Marche contre la violence faite aux femmes à Ottawa

Des centaines de personnes se sont regroupées au centre-ville d’Ottawa, samedi, pour manifester contre la violence faite aux femmes.

La Marche des femmes d’Ottawa était organisée pour une troisième année consécutive. Il s’agissait à l’origine d’une démonstration de solidarité avec une manifestation tenue à Washington, après l’élection du président américain, Donald Trump. 

Des milliers de femmes avaient alors dénoncé l’élection de cet homme, malgré qu’il ait ouvertement tenu des propos sexistes et que des enregistrements où on l’entend se vanter d’avoir commis des attouchements sur de nombreuses femmes ont été rendus publics. Le tout, durant la campagne électorale.

Ce n’est pas qu’à Ottawa où un rassemblement est organisé à cette période de l’année, depuis l’élection de M. Trump. Des manifestations ont lieu dans plusieurs villes canadiennes, ainsi que dans plusieurs pays ailleurs dans le monde.

Le mot d’ordre pour ce mouvement mondial, en 2019, était de braquer les projecteurs sur le fléau de la violence faite aux femmes. À Ottawa, les organisatrices espèrent également attirer l’attention sur les enjeux locaux en lien avec ce problème de société.

Des centaines de personnes ont bravé le froid, samedi.

«Cette année, on se concentre sur la violence sexiste et sur le fait que tous les six jours, une femme est tuée par son compagnon au Canada, explique une des organisatrices de la marche à Ottawa, Catherine Butler. Dans notre pays, les femmes autochtones sont quatre fois plus susceptibles d’être victimes de violence. Les femmes plus pauvres, celles vivant avec un handicap ou encore, les femmes issues de communautés ethniques sont toutes surreprésentées parmi les victimes de violence.»

«Les refuges pour femmes victimes de violence sont pleins à Ottawa, depuis longtemps, et on n’en parle pas», souligne une autre coorganisatrice, Amanda Carver.

De son côté, la ministre fédérale des Femmes et de l’Égalité des genres, Maryam Monsef, s’y est rendue pour signifier son appui à la lutte pour les droits des femmes.

«Il y a eu beaucoup de progrès au fil des années, mais nous ne sommes pas encore là où nous devrions être, souligne Mme Monsef.
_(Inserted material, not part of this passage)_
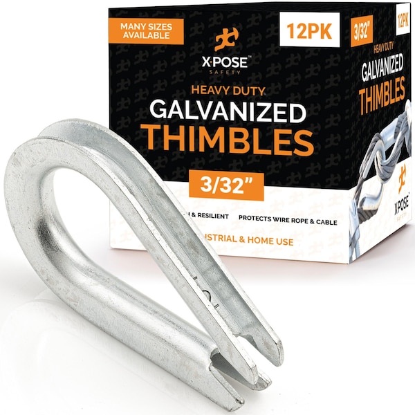 Tackle any project that involves wire rope with ease - no matter how large or small - with Xpose Safety thimbles and premium wire rigging hardware. Defined by high-quality workmanship and priced to meet the needs of individuals, small businesses, and large operations alike, Xpose Safety is your #1 leader in jobsite safety and efficiency.PRODUCT FEATURES:Available in 1/8", 3/32", and 3/8"Fits Same Diameter Wire RopePrevents Abrasion and CrushingUse to Create Tight LoopsTons of Personal and Industrial ApplicationsXpose Safety thimbles are designed for the safety and longevity of your wire rope. Creating un-secured loops at the end of wire rope for mounting purposes can become dangerous when the rope rubs and gets over-stressed. This will lead to weakening and a potential catastrophic failure of the system.MANY APPLICATIONS- Residential- Personal- DIY- Professional- Commercial- Industrial- Aviation- Marine- MilitarySPECIFIC USESRailings, walkways, stairways, docks, sailboat rigging, boat anchors, hanging of lights, mounting of shades and canopies, clotheslines, outdoor gear, camping, and much more.* * Use with Xpose Safety brand wire rope and wire rope clamps! * *Overcome workplace hazards and dangerous job site challenges with the reliable safety & security of Xpose Safety products!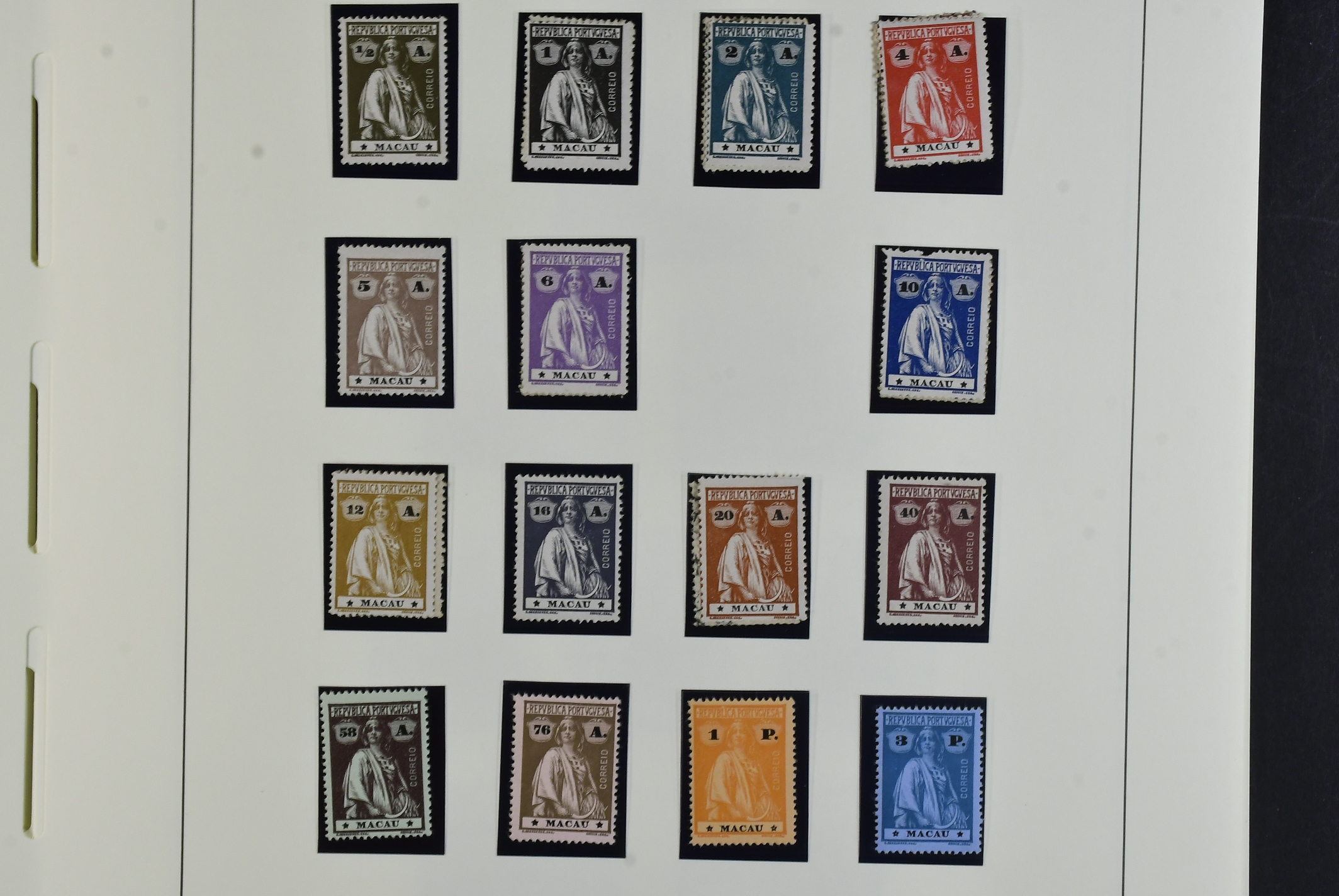 Macau. Collection ★★/★/⊙ 1884–1979 on leaves. Good section early stamps mostly mint, Crowns incl. some overprints, Luis I incl. better overprints, Vasco Da Gama set, Carlos I with values up to 78a, Carlos and Vasco da Gama Republica overprints, Good section Ceres incl. both 3p and 5p×2. later issues mostly used. Please see a selection of scans at www.philea.se. Good quality. (250+)

Une journée comme celle-là nous permet de nous rappeler que nous ne sommes pas seules et de nous rassembler afin de mieux continuer notre travail pour éliminer les iniquités entre les genres.»

Avancer

«Pour moi, ce n’est pas un rassemblement aujourd’hui. C’est vraiment une marche. Parce qu’une marche, c’est du mouvement vers l’avant», souligne Mme Carver, l’une des organisatrices.

Cette dernière est psychothérapeute de profession et croit que ce type d’événement contribue à faire évoluer certaines mentalités qui contribuent aux grands nombres incidents de violences conjugales.

«Je trouve qu’on ne laisse pas le droit aux hommes d’exprimer leurs émotions. La seule émotion qu’ils expriment, c’est la colère. À force de refouler toutes leurs émotions, parfois, ça finit par s’exprimer en violence, explique Mme Carver. Si on peut donner des outils aux hommes pour parler de leurs émotions, ça va réduire la violence.»

L’objectif de la manifestation était également de venir en aide aux organismes qui viennent quotidiennement en aide aux femmes victimes de violence. Les participants ont marché de la colline parlementaire jusqu’au pavillon Aberdeen, près de la Place TD.

Ces organisations y étaient pour accueillir les marcheurs. On invitait les gens à offrir des dons ou donner leur nom afin de devenir bénévoles, pour aider ces organismes à poursuivre leur mission.